Here's the outer loop with the inner loop folded:

9	set f 1
10	set d 2
11	set e 2
// 12-20 - hidden
21	sub d -1
22	set g d
23	sub g b
24	jnz g -13

Within a nested loop the inner loop could affect the outer loop index or they can be independent. The end of the outer loop reveals its halting condition is the variable d. Lines 21-24 are just a complex way to say "Jump if ++d != b".

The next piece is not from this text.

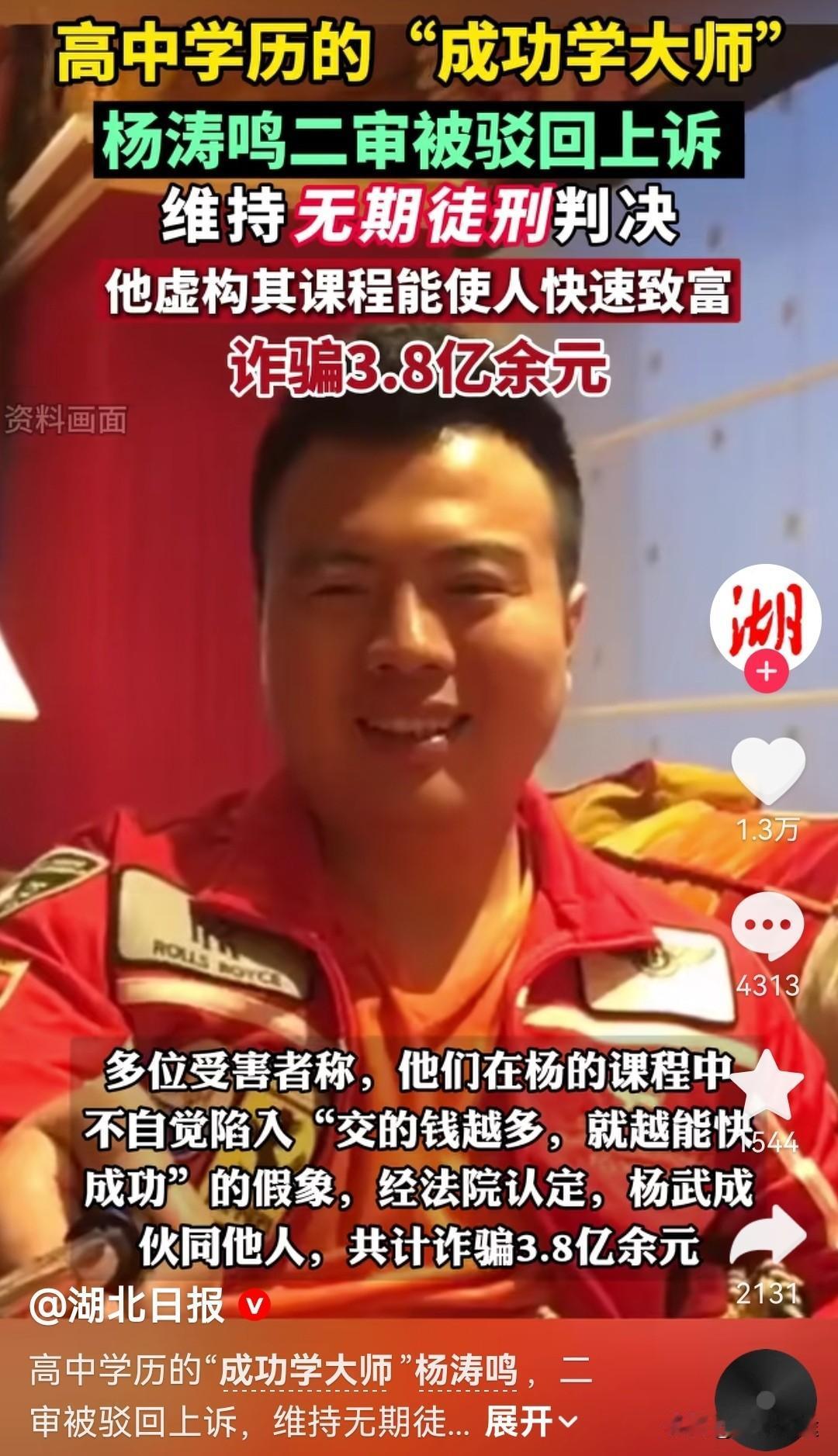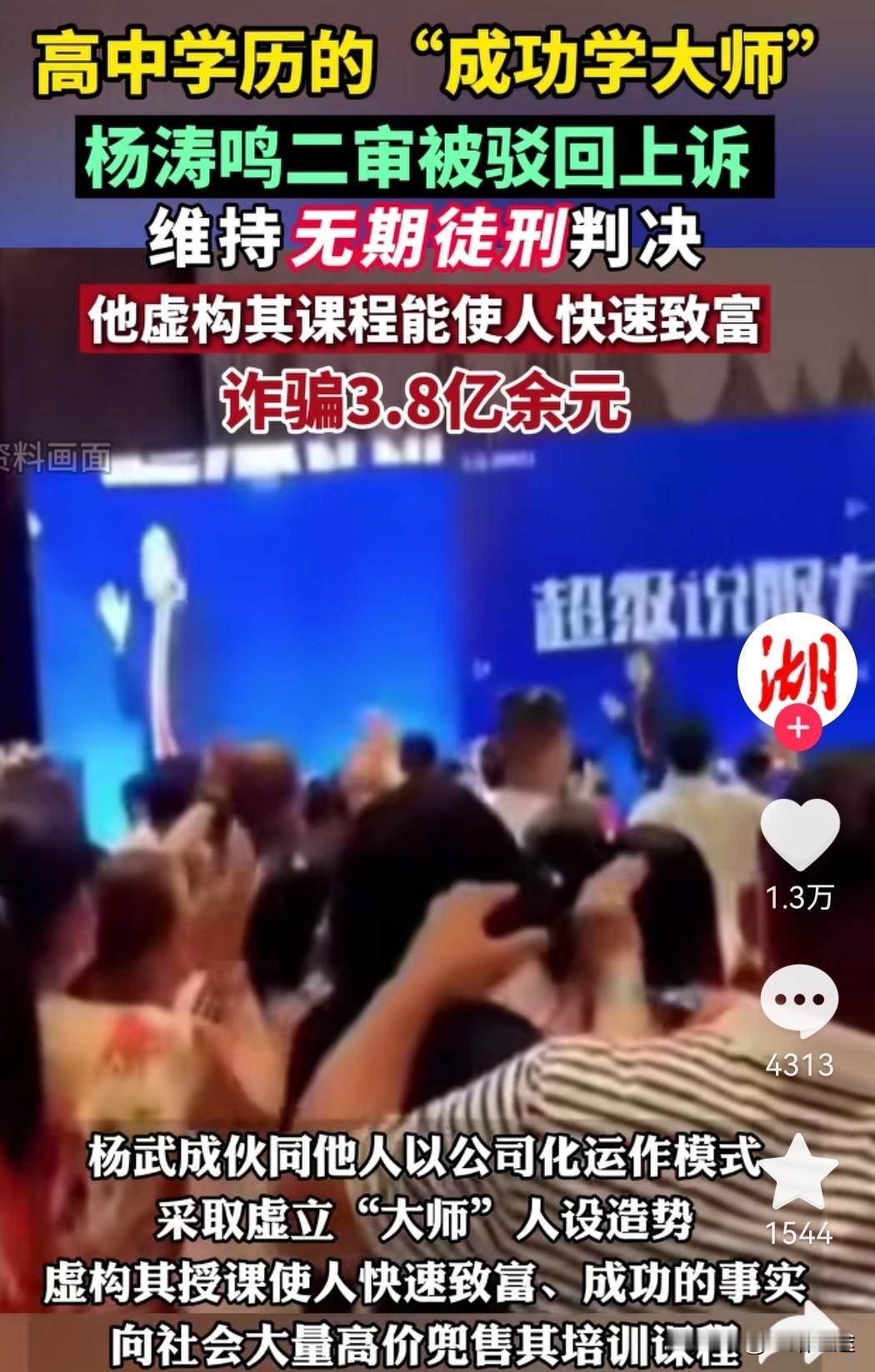 说你们聪明吧!你们不知道见好就收,提前跑路,说你们笨吧!你还能骗这么多钱![笑哭][笑哭][笑哭] 当初那些老板花钱请他们去公司里演讲目的是给员工壮胆打气,往往这些老板都觉得自己公司死气沉沉没有精气神,所以花钱请成功大师去给他们提提神,因为所谓的成功大师最大的能耐就是创造气氛活跃气氛,而并非请他们去真的能为他们老板创造直接价值,所以这些钱花的他们自己心里有数,相当于一个愿打一个愿挨[捂脸][捂脸][捂脸] 成功学有用吗

Before the loop d's value is set to 2. And it's easy to see d is not modified within the inner loop (lines 12-20). Therefore it's safe to translate the outer loop to a simple for loop:

let f = 1;

for (let d=2; d != b; d++) {
    // lines 12-20
}

That looks nice! Now to the inner loop. Turns out using the same considerations as above we can translate it to another for loop and get the structure:

let f = 1;

for (let d=2; d != b; d++) {
    for (let e=2; e != b; e++) {
        // lines 12-16
    }
}

The Program Logic

The core of the program hides in lines 12-16. Here's the snippet for reminder:

12	set g d
13	mul g e
14	sub g b
15	jnz g 2
16	set f 0

Remember the above code runs in a double nested for loop with d and e each running from 2 to b. A jnz in line 15 is the hint here. It'll set f to zero ONLY IF g is zero. And g will be zero when d * e == b. So basically this inner loop logic says:

if ( d * e === b ) {
    f = 0;
}

And the full snippet we collected so far is:

let b = 65; // line 1
let c = b; // also 65, line 2

// lines 3-4 translate to this if statement
if ( a != 0 ) {
    // if true - perform lines 5-8
    b *= 100;
    b += 100000;
    c = b
    c += 17000
}

let f = 1;

for (let d=2; d != b; d++) {
    for (let e=2; e != b; e++) {
        if ( d * e === b ) {
            f = 0;
        }
    }
}

So f is set to 1 as an initial value and will be set to 0 to indicate that two numbers whose multiplication is b were found. Since it's a boolean value (0 or 1) we know the program doesn't care about how many pairs it finds, and you'd be right to suggest breaking the loop after the first match.

What is f good for?

But what do you do with f? Let's move on to the next block to figure out:

25  jnz f 2
26  sub h -1

Lines 25-26 should by now be familiar: It's our good old if friend. Translated to JavaScript it becomes:

if ( f == 0 ) {
    h++;
}

Closing The Loop

The program ends with another negative jump, meaning another loop. Hiding all inner loops for clarity gives us:

 9	set f 1
// lines 10-26 hidden
27	set g b
28	sub g c
29	jnz g 2
30	jnz 1 3
31	sub b -17
32	jnz 1 -23

This time the halting condition is more complext than our previous for loops, so as a first step we'll use while instead. Line 30 jumps over the loop itself so in JavaScript we can write it as a break. And lines 27-29 are our old friend if again checking if b == c. Translating everything to JavaScript and we get:

while (true) {
    let f=1;
    // lines 10-26 hidden
    if ( b == c ) {
        break;
    }
    b += 17;
}

Or for clarity in the for form:

for (;b != c; b += 17) {
    let f=1;
    // lines 10-26 hidden
}

Now we finally have the full code translated to JavaScript:

let b = 65; // line 1
let c = b; // also 65, line 2

// lines 3-4 translate to this if statement
if ( a != 0 ) {
    // if true - perform lines 5-8
    b *= 100;
    b += 100000;
    c = b
    c += 17000
}

for (;b != c; b += 17) {
    let f=1;

    for (let d=2; d != b; d++) {
        for (let e=2; e != b; e++) {
            if ( d * e === b ) {
                f = 0;
            }
        }
    }
    if ( f == 0 ) {
        h++;
    }    
}

What does it do? The code counts the number of numbers of the form b + 17i (for i >= 0) that are smaller than c and are not primes.